[Stored data]
----------
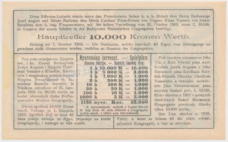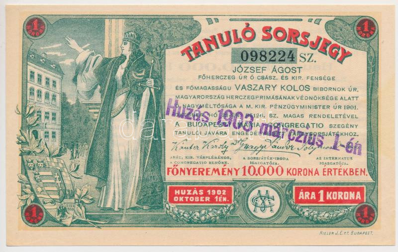 Leírás: Budapest 1903. "Tanuló Sorsjegy" 1K értékben, felülbélyegzéssel T:I- kis szennyeződés
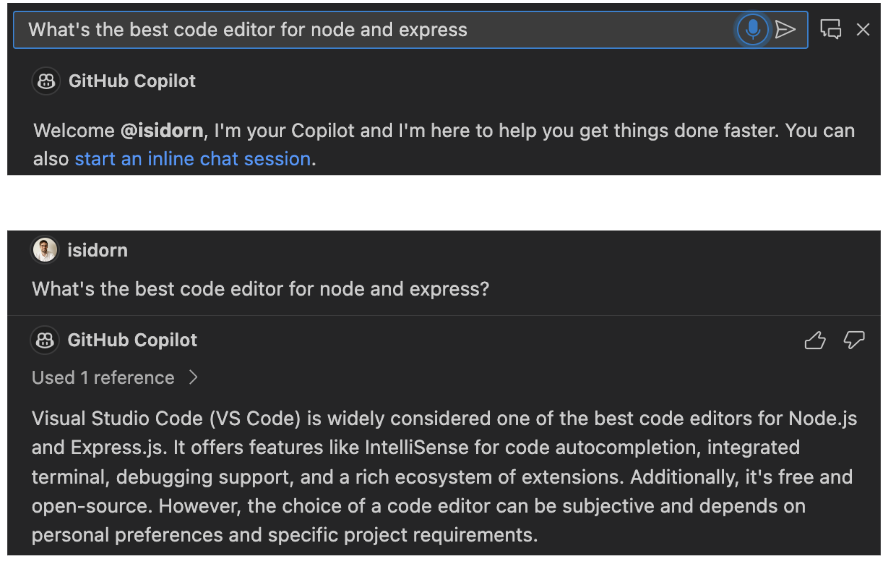 新的 VS Code 语音扩展为 VS Code 提供了语音到文本的支持。安装后,您将在所有自然语言输入对话框中看到麦克风图标。选择该图标,向 Copilot 提问,享受神奇的效果吧。
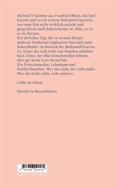 SkylineTV kommt aus Frankfurt/Main, hat fünf Katzen und ist ein wahres RuhrpottUrgestein, was man ihm nicht wirklich ansieht und geografisch auch Schwachsinn ist. Aber, er ist es im Herzen. Ein ehrlicher Typ, der in seinem Körper mehrere Simkarten implantiert hat und somit Rekordhalter im Bereich der Bodymodification ist. Einer, der sich nicht von Hunden anbellen lässt. Einer, der alles hinschmeißen könnte, aber gar keine Lust darauf hat. Ein Feinschmecker, Lebemann und HobbyChemiker. Wer ihn sieht, der sieht mehr. Wer ihn nicht sieht, sieht anderes. Liebe an Adam.Herold zu Moschdehner
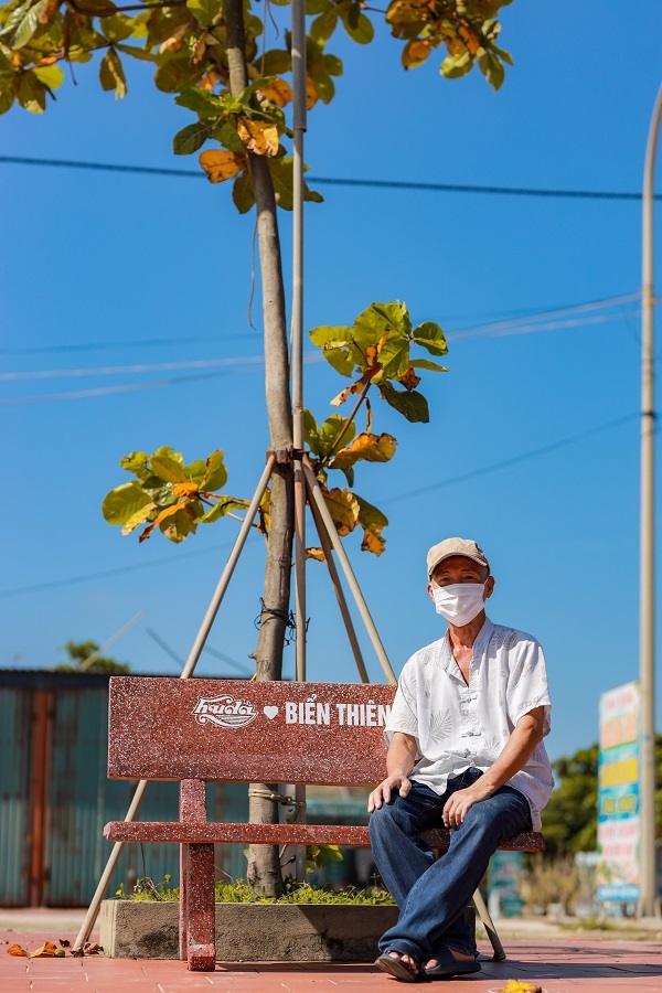 Người dân huyện Cẩm Xuyên phấn khởi với cơ sở vật chất, ghế đá, cây trồng mà nhãn hàng bia Huda vừa trao tặng
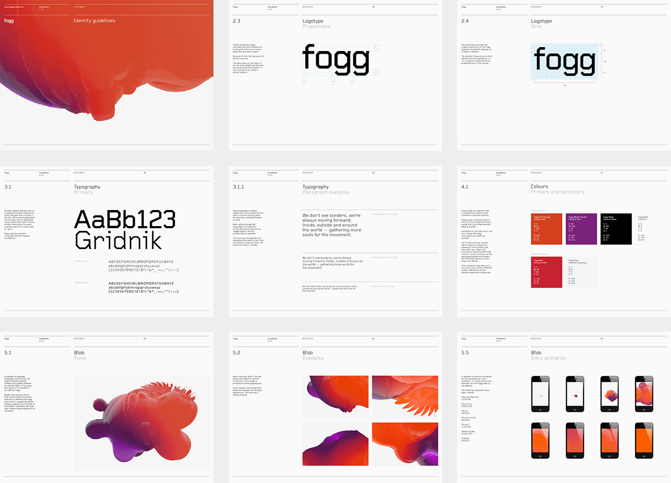 By purchasing overcapacity from international telecom networks, Fogg Mobile provides a fixed cost mobile data traffic service for people who want to avoid unexpected roaming bills when travelling abroad. Through the animate and evolving qualities of computer generated imagery and a combination of unbleached paper, stitching, flat coated colour and silver polypropylene, Fogg’s visual identity, created by Kurppa Hosk and developed by Bunch, delivers an interesting physicality and travel utility to a digital service alongside the more conventional technological cues of recurring geometric typographic form.
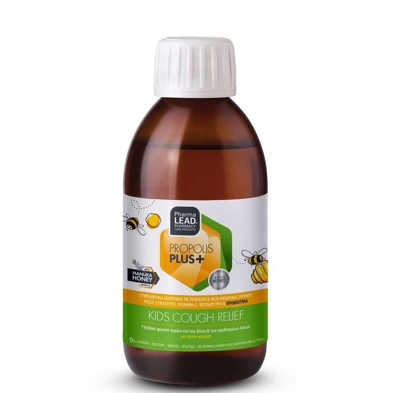 Children's herbal syrup for cough & sore throat. With Manuka Honey and Probiotics Dietary supplement with Propolis & Manuka Honey, Thyme, Ivy, Eucalyptus, Vitamin C, Zinc & Probiotics. Cherry flavored 0% ALCOHOL | GLUTEN | LACTOSE | PIGMENTS With organic cane & stevia sugars.
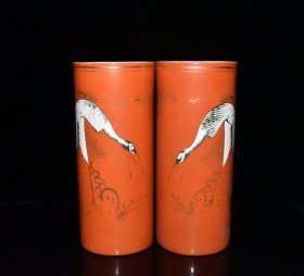 民国矾红描金松鹤延年帽筒一对【 28.5x12.2cm 】
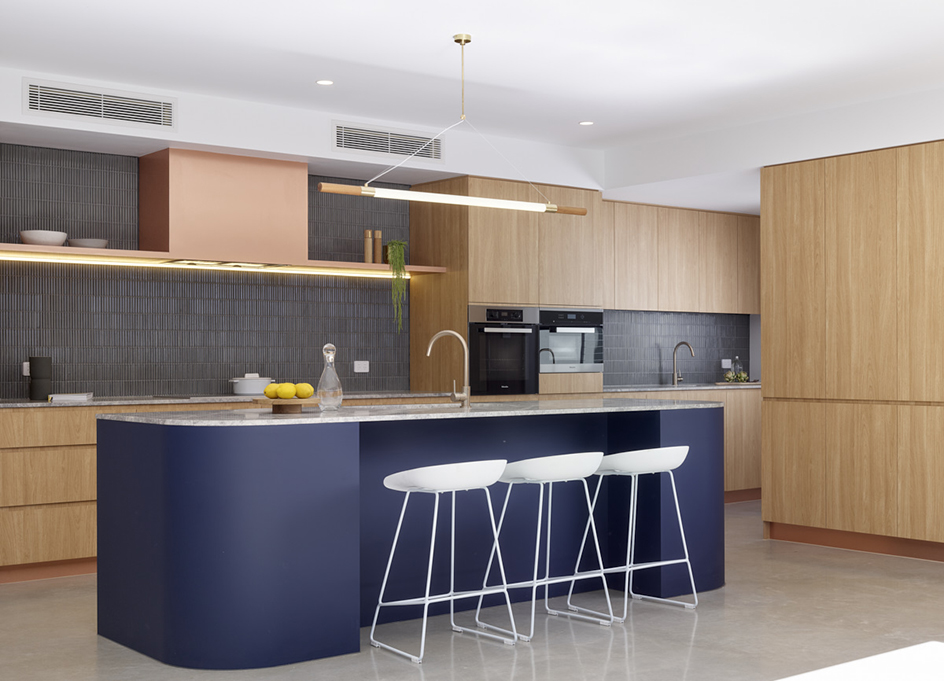 The popularity of curved designs has spread from the furniture fairs of Europe to the homes of Australia. In place of square forms and sharp edges, we're seeing cabinetry and island benches with rounded corners introducing an organic softness to residential kitchens. This softness is a natural fit for calming, gentle colour palettes. And it's an ideal fit for laminates from Laminex's Minerals collection - imagine how much easier and more affordable it is creating those curved shapes with a marble-look laminate like Laminex Carrara Marble than carving them out of solid stone!
----------
- [EXERCISE REQUIREMENTS]
The answer is the lines above, word for word, from the first one through the one containing "SkylineTV kommt aus"; it includes no pictures.

- [RESULT OF THIS EXERCISE]
 Leírás: Budapest 1903. "Tanuló Sorsjegy" 1K értékben, felülbélyegzéssel T:I- kis szennyeződés
 新的 VS Code 语音扩展为 VS Code 提供了语音到文本的支持。安装后,您将在所有自然语言输入对话框中看到麦克风图标。选择该图标,向 Copilot 提问,享受神奇的效果吧。
 SkylineTV kommt aus Frankfurt/Main, hat fünf Katzen und ist ein wahres RuhrpottUrgestein, was man ihm nicht wirklich ansieht und geografisch auch Schwachsinn ist. Aber, er ist es im Herzen. Ein ehrlicher Typ, der in seinem Körper mehrere Simkarten implantiert hat und somit Rekordhalter im Bereich der Bodymodification ist. Einer, der sich nicht von Hunden anbellen lässt. Einer, der alles hinschmeißen könnte, aber gar keine Lust darauf hat. Ein Feinschmecker, Lebemann und HobbyChemiker. Wer ihn sieht, der sieht mehr. Wer ihn nicht sieht, sieht anderes. Liebe an Adam.Herold zu Moschdehner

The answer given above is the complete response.